Conservative and aggressive portfolio

From Personal Investment Portfolio (PPI), recommend, for a profile that seeks less volatility in its exposure to the country, a more defensive portfolio “in a negative scenario and proposes to prioritize good credits”, composed as follows:

  • sovereign bonds in dollars: 15%.
  • bonds in pesos: 5%.
  • Provincial bonds in dollars: 30%
  • Corporate bonds in dollars: 50%.

PPI 1.jpeg

Meanwhile, for an investor seeking greater exposure to “more volatile instruments, but with greater potential “upside” in the event of a scenario constructive/optimistic “forward,” that is, an aggressive portfolio, PPI puts it together as follows:

  • Provincial bonds in dollars: 30%.
  • bonds in pesos: 15%.
  • sovereign bonds in dollars: 15%.
  • shares and Cedears: 30%.

So, if fiscal consolidation is the pillar of the economic plan, the reduction of inflation is the central driver of the strategy. Therefore, investors must be attentive to the evolution of economic variables in order to make the right decisions. And the fear that a greater pass through than expected could compromise the achievements made so far is driving the economic team to postpone the decision to lift the restrictions while waiting for a more favorable context, as noted on Monday on Wall Street. Javier Milei.

PPI 2.jpeg

However, delaying this measure does not guarantee that the situation will improve on its own. “Partial reduction of the PAIS Tax For certain goods, the coexistence of different schemes for importers to obtain dollars and the weak economic recovery predict a decline in the BCRA’s net reserves in the coming months,” PPI analyzes.
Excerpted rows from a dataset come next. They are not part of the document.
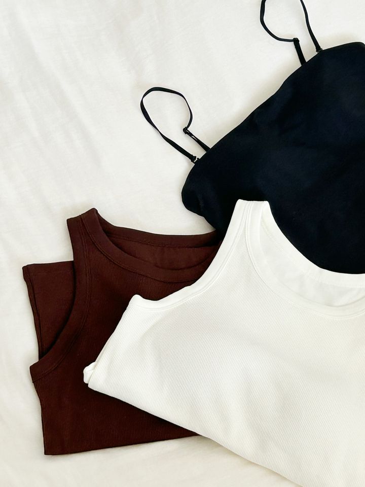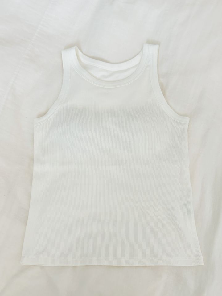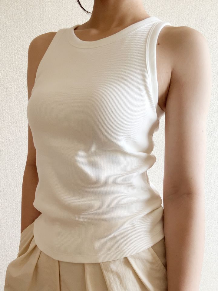 生地がしっかりしていて細めのリブ素材のブラタンクトップ。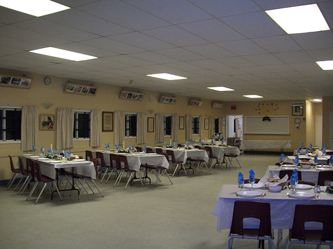 Our spacious hall comfortably seats 125 add our licensed patio and we can accommodate up to 185. Our hall has comfortable acoustics, is easily decorated and a stage suitable for a 5 or 6 piece band. Our large treed yard makes an excellent backdrop for wedding and family photos.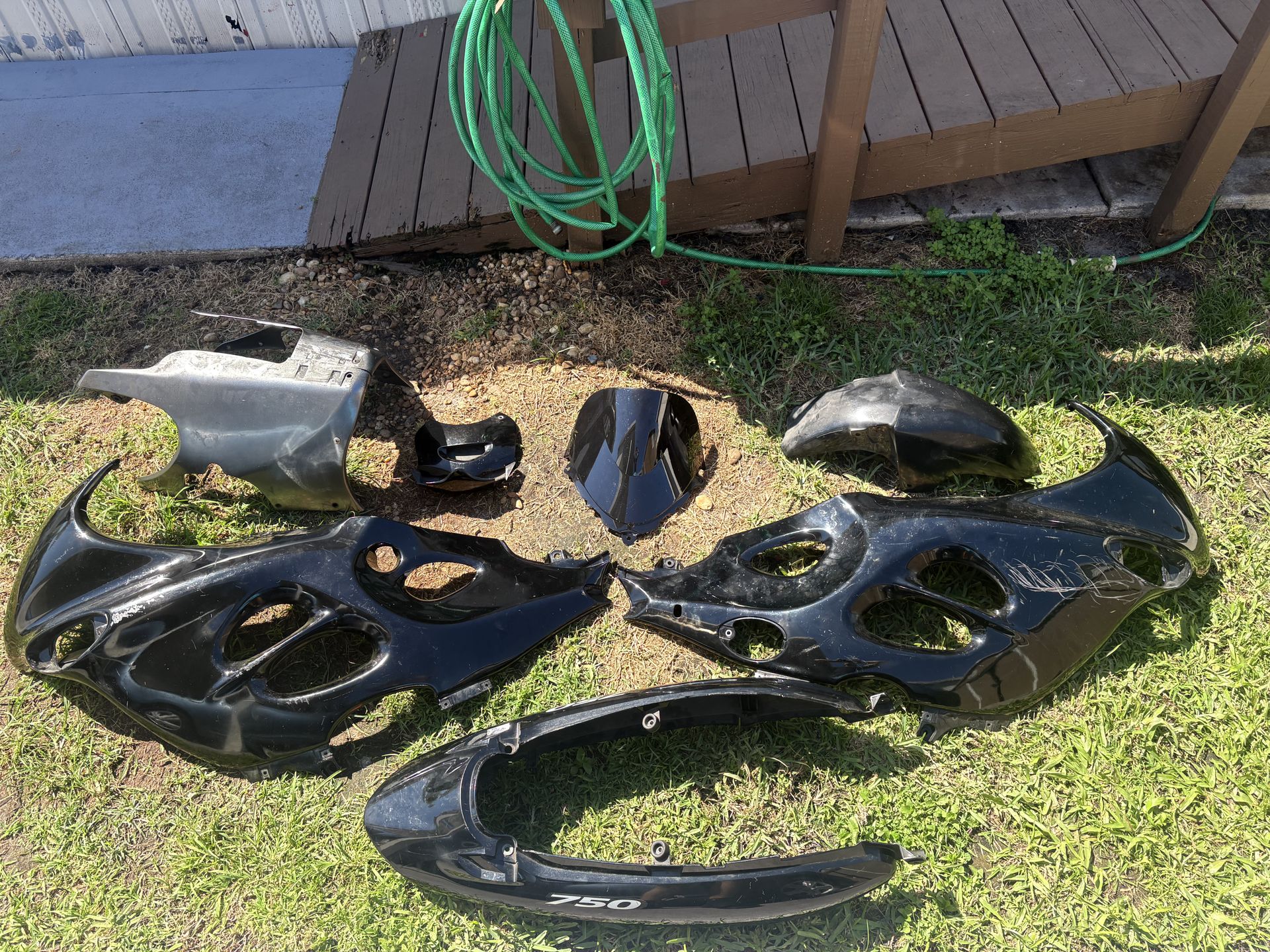 I'm selling because i just put brand new fairings on mine, they are a little scratched but nothing major. I'll sell them for any amount of money, i just need them off my hands because of the space. Shoot me any price. White suzuki stickers included.
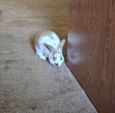 Indoor, litter box trained rabbit. Comes with crate, litter box, feed bowl, water bowl, hay feeder and bed. He is approximately 2 years old and friendly. He enjoys roaming freely in the house.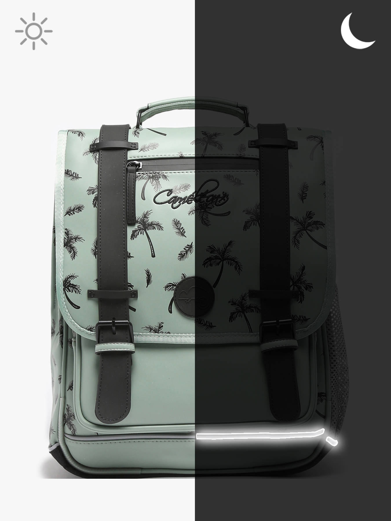 Deze rugzak uit de Vintage North collectie van Caméléon is ideaal voor de 1ste graad van de basisschool. Deze rugzak is gemaakt van waterafstotend gerecycleerd polyester, en beschikt over drie ruime opbergvakken. Deze kunnen schriften (24x32 cm) en schoolboeken van A4 formaat of groter bevatten. Daarnaast beschikt deze Caméléon-rugzak ook over een ruim voorvak met ritssluiting, en een handig mesh zijvakje om een waterfles in op te bergen. Onder de overslagflap bevindt zich een uniek opbergvakje voor een liniaal. Dankzij reflecterende strips kan uw kind zich veilig in het verkeer begeven. Tenslotte zijn de verstelbare schouderbanden en rugzijde gewatteerd, voor een optimaal draagcomfort.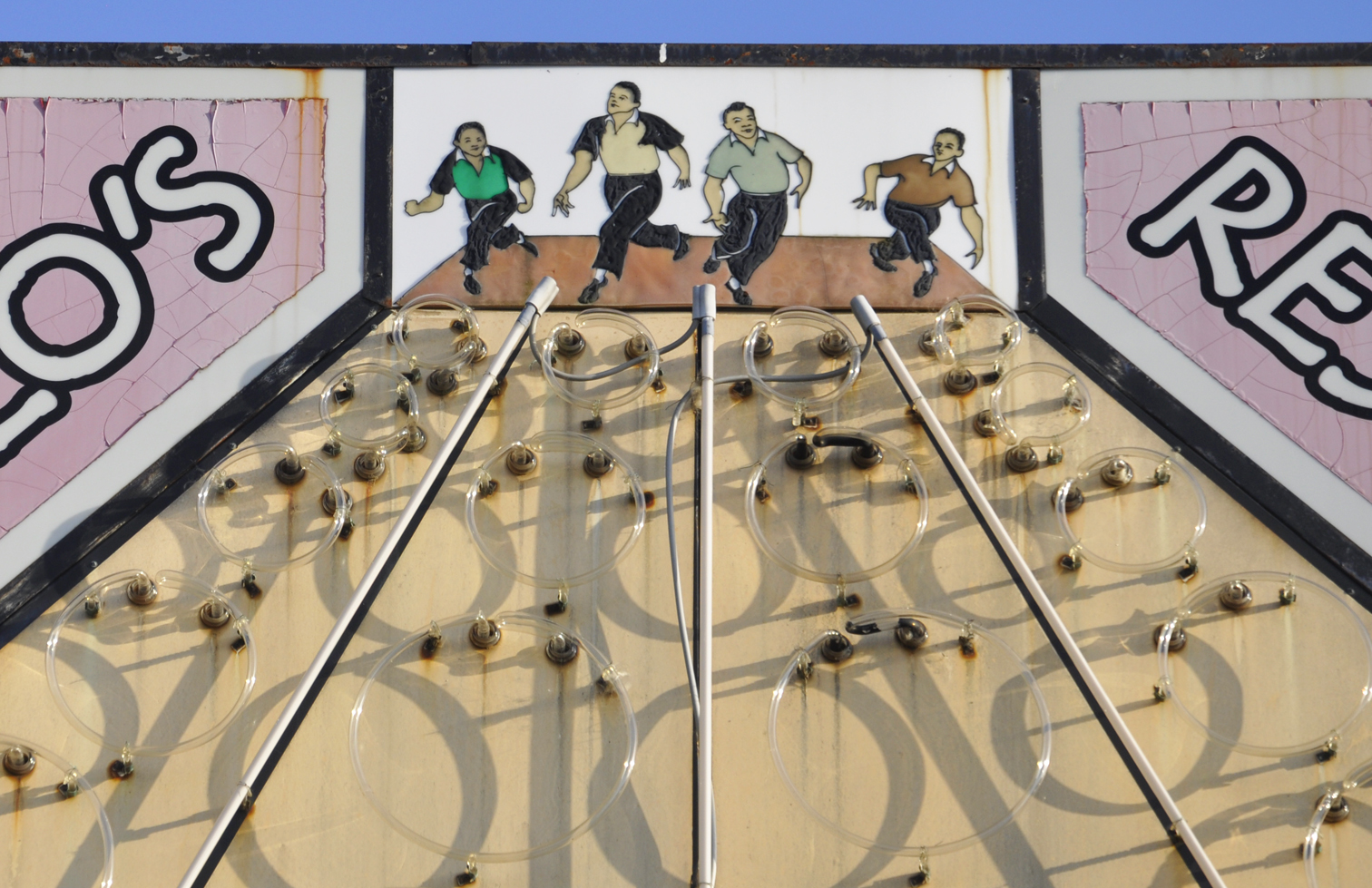 The Bowlero Lanes sign appears to be from the 1950s. For more, see this website. [map] |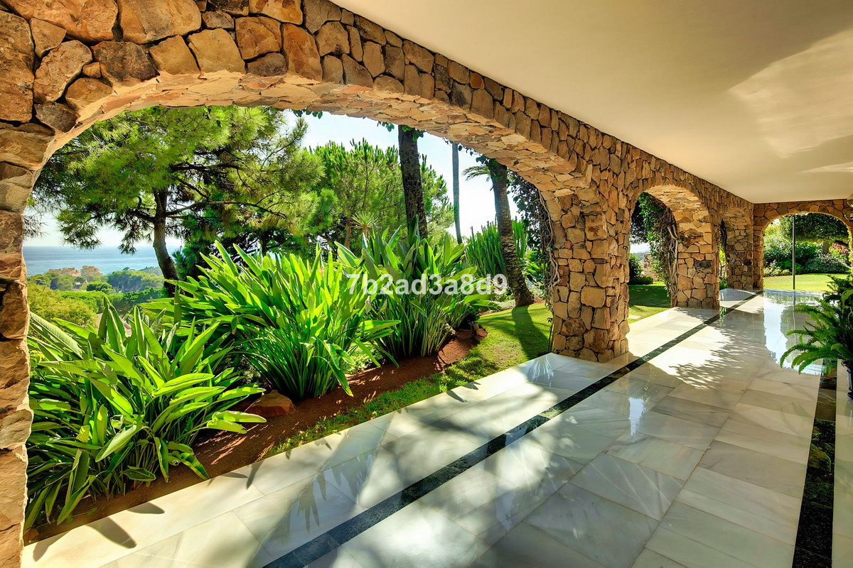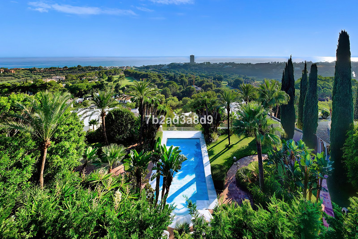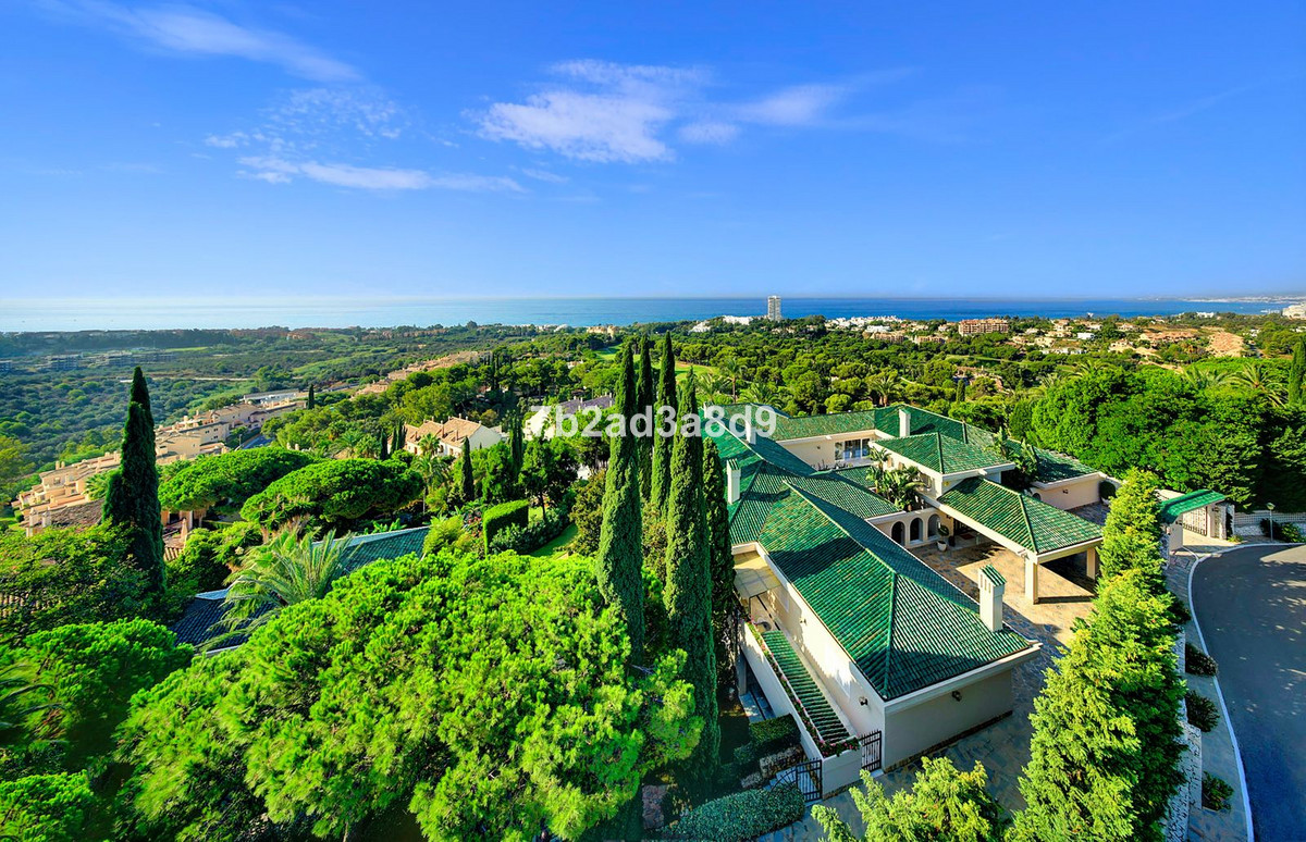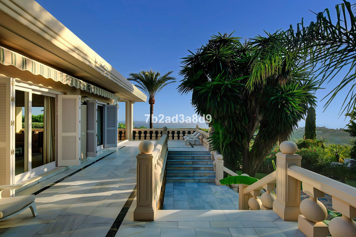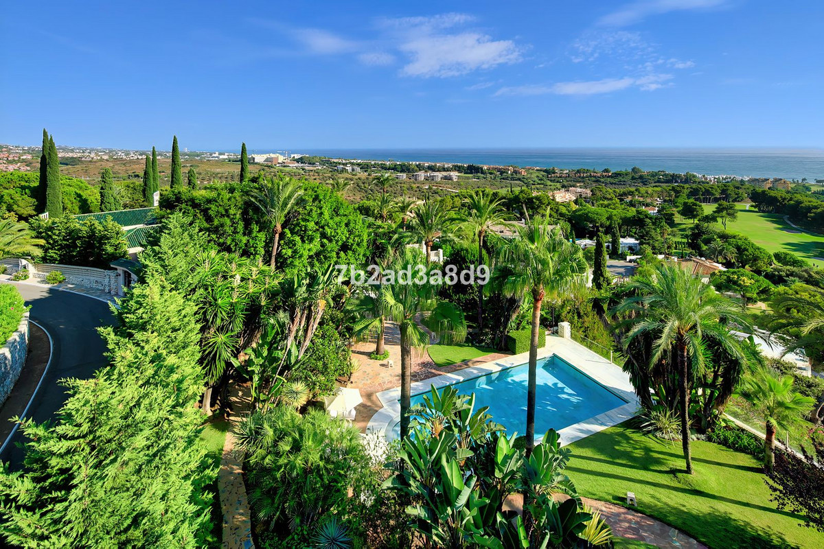 The property currently features ten bedrooms and ten bathrooms arranged within a timeless layout, complemented by multiple lounges, expansive terraces, and a pavilion ideal for wellness, entertaining, or a retreat-style bar. The main house includes a traditional central patio with a fountain, generous living and dining areas, and suites with direct access to the terraces and pool. A separate two-storey guest house offers additional bedrooms, lounges, and kitchen facilities, making it perfect for extended family or visitors. The estate further benefits from a four-car garage, beautifully landscaped gardens, and an impressive pool area designed to capture the spectacular sea and golf views.

This makes the decision to maintain exchange controls more complicated. With the information available, the outlook is difficult, but there is still room for improvement. for an element to emerge that changes the situationThe city broker asks: “Will it be the Whitewashing or the RIGI? Or perhaps an agreement with the International Monetary Fund (IMF)?” And he concludes that, “in short, although uncertainty gives the Government some room, the clock is still ticking against them in an election year.”